An important aspect of ensuring faster access to medicines will be a more dynamic reimbursement environment – much like the conditional approval approach regulators have adopted. This will allow the benefits and prices of therapeutics to be assessed and reevaluated at different points in time as more evidence is gathered, Grueger says.
“There will be an initial price, but also an agreement with the payers to review the price after a certain period of time when the data become more mature and when you can better assess what the benefits are and whether the price needs to change accordingly,” he says.
A critical component of delivering additional evidence will be the collection and evaluation of real-world data, which Grueger believes will play a revolutionary role in the management of healthcare. “I think the time is coming that the quality of the data and our ability to make sense of the data is going to dramatically increase,” he says. “This will be something that we initially use in our drug-development approaches, but it will also affect value assessments and the kind of pricing and payment models we will be using. For example, we will see a lot more data-driven, outcomes-based solutions. This will lead to health technology management as opposed to health technology assessment.”
As the medicines coming onto the market become increasingly complex, there will be an even greater need for more efficient, competent, and streamlined health technology assessments (HTA), Grueger says.
“We will see more harmonized European clinical scientific assessments and I hope this will be a model for the rest of the world. I think it would be a mistake if, in Latin America, for example, that every country there would start to build its own HTA agencies and review every molecule there. That would not be an efficient use of resources and would not deliver the competent assessment that everybody wants,” he says.

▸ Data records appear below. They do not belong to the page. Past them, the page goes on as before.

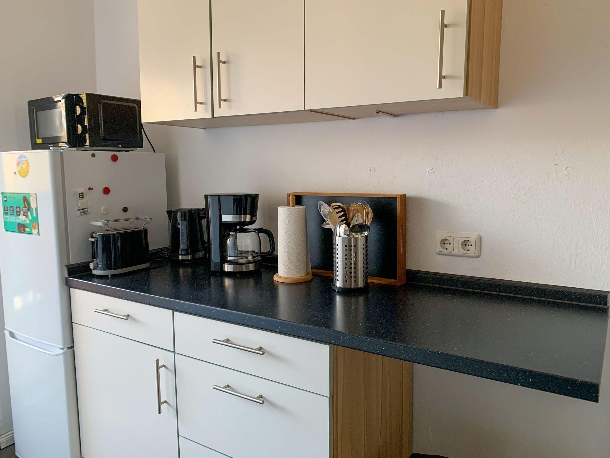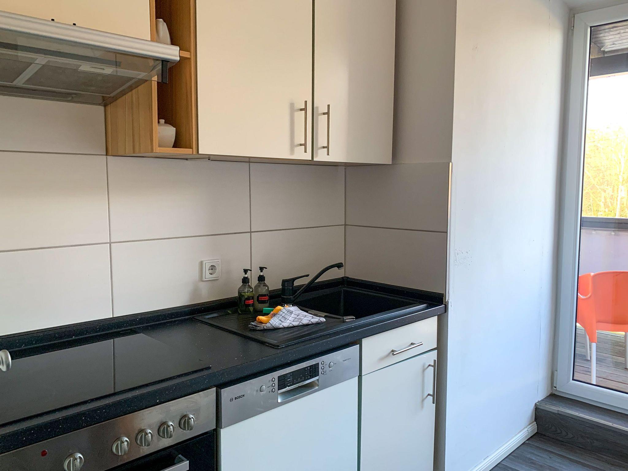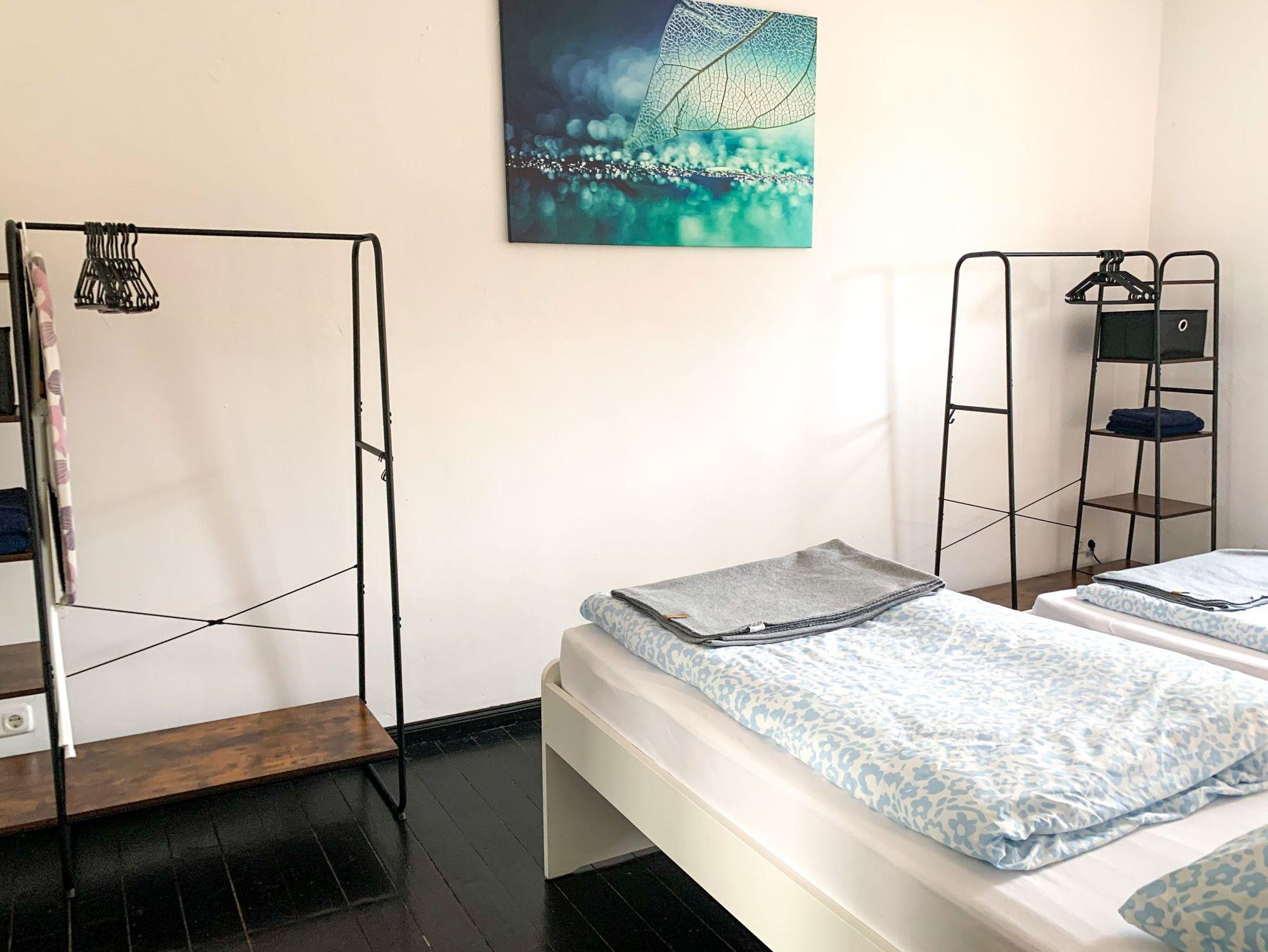 Dich erwarten zwei Schlafzimmer mit Einzelbetten, ein Wohnzimmer mit Sofa und TV sowie eine voll ausgestattete Küche. Von der Küche aus gelangst du auf den kleinen Balkon mit Blick in den Innenhof. Das Badezimmer ist mit einer Dusche ausgestattet.
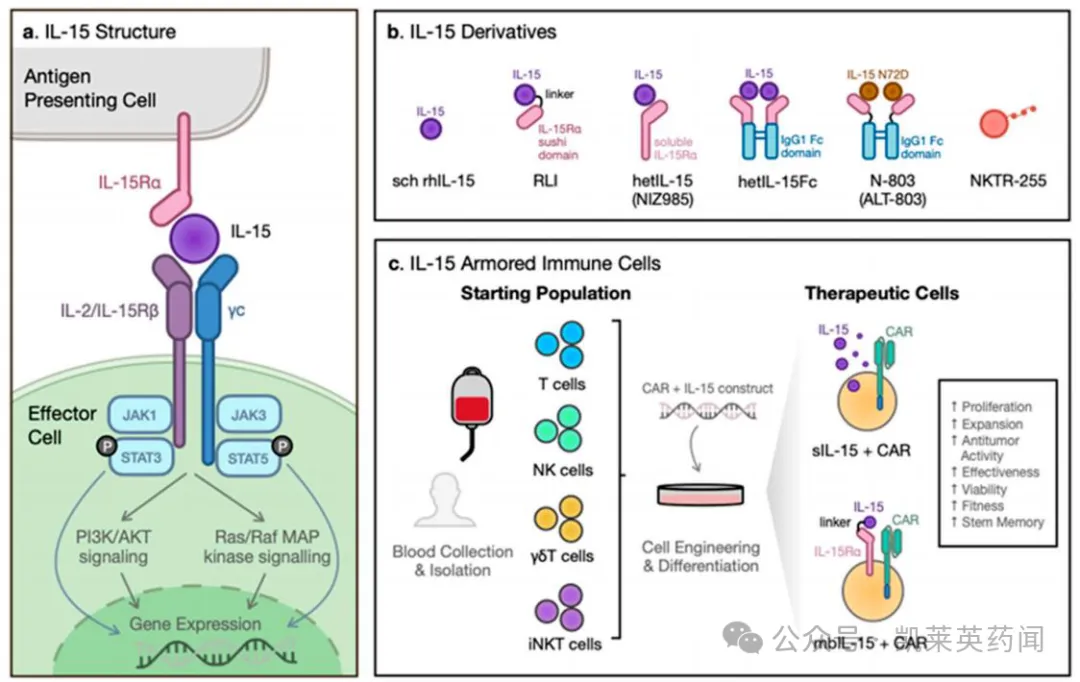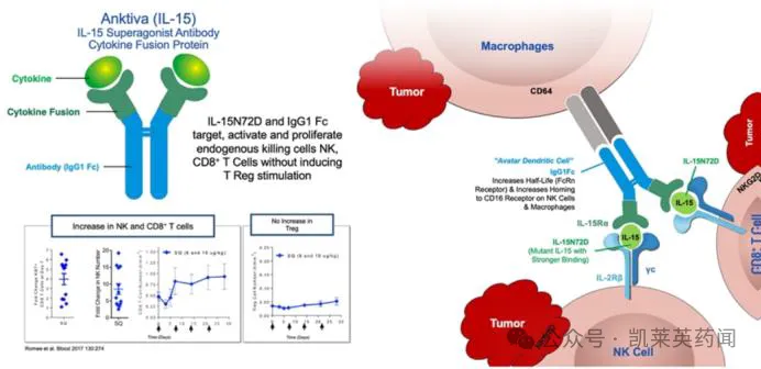 N-803(nogapendekin alfa inbakicept-pmln)是一种白细胞介素-15(IL-15)超激动剂复合物,由IL-15 突变体(IL-15N72D)与IL-15Rαsushi 结构域以及IgG1 Fc 融合蛋白结合而成, IL-15Rα sushi 结构域使得其无需通过像天然IL-15 所必需的反式呈递方式才能激活下游信号通路,且IgG1-Fc 片段极大延长了药物半衰期。
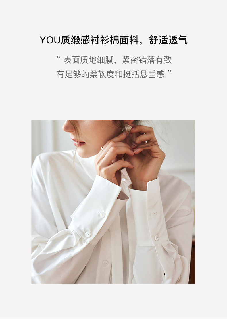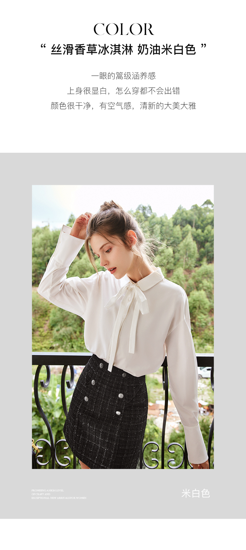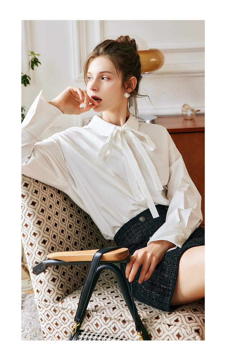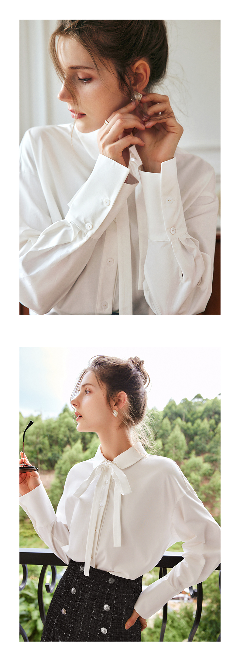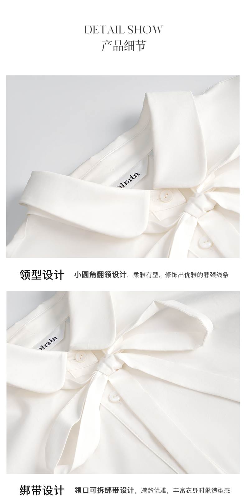 OLrain法式白色长袖衬衫女早秋2022年新款简约百搭设计感绑带衬衣

The European Commission issued proposals at the start of 2018 aimed at streamlining the clinical benefit assessments – a crucial part of the HTA process – across Europe in a bid to create broader, faster, and more equitable access to new medicines. At the moment, more than 28 different agencies in Europe are assessing the clinical properties of a new drug in parallel.
“If we can implement a more centralized approach in Europe, this will increase the quality of assessments and will accelerate the assessment timelines so that patients get access to medicines faster,” Grueger says. “The European clinical scientific assessments could become a model for assessments in Latin America and Asia.”
Grueger’s vision for fully integrated access strategies that are supported by strong and visible leadership could be exactly what the doctor ordered. This powerful combination would give creaking business models a much-needed overhaul and would allow companies to embrace a new, more collaborative role within healthcare systems.